Task description: Copy exactly, and only, the lines from the one with "Esta Prata Floral" to the end of the listing; omit pictures.

Data below:
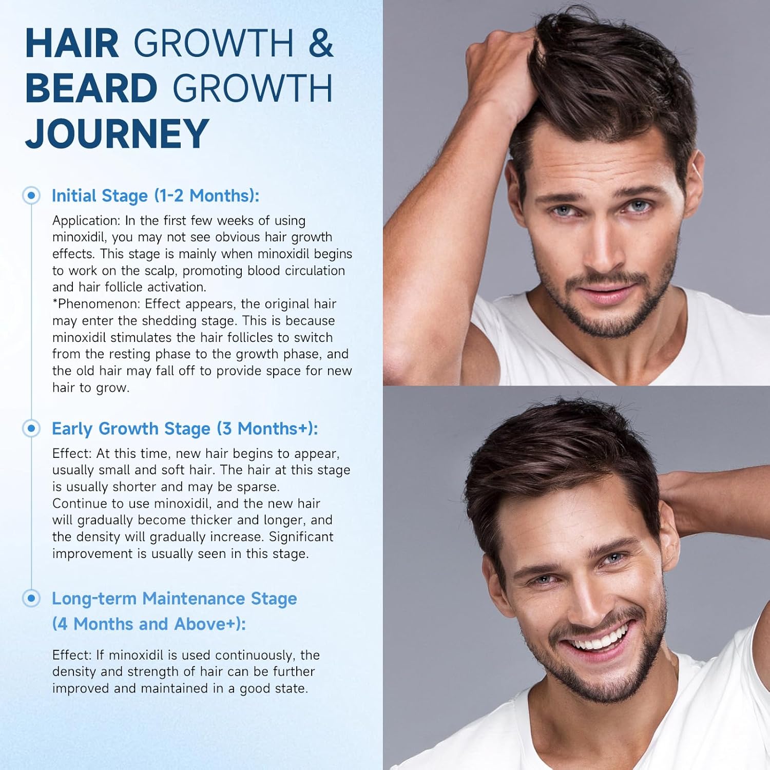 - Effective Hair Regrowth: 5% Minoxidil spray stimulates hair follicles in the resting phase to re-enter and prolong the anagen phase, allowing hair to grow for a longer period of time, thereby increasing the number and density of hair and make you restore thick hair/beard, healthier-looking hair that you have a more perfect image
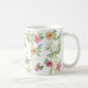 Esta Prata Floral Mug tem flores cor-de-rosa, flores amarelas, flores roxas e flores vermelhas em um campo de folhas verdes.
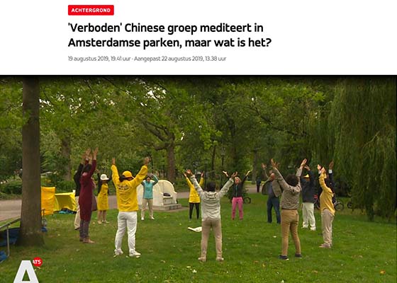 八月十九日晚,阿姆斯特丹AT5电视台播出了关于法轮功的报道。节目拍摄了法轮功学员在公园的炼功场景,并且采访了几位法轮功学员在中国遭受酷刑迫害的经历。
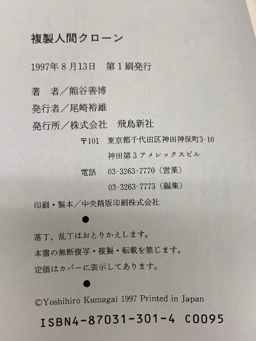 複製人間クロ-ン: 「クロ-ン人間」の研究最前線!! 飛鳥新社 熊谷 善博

Response to this task:
 Esta Prata Floral Mug tem flores cor-de-rosa, flores amarelas, flores roxas e flores vermelhas em um campo de folhas verdes.
 八月十九日晚,阿姆斯特丹AT5电视台播出了关于法轮功的报道。节目拍摄了法轮功学员在公园的炼功场景,并且采访了几位法轮功学员在中国遭受酷刑迫害的经历。
 複製人間クロ-ン: 「クロ-ン人間」の研究最前線!! 飛鳥新社 熊谷 善博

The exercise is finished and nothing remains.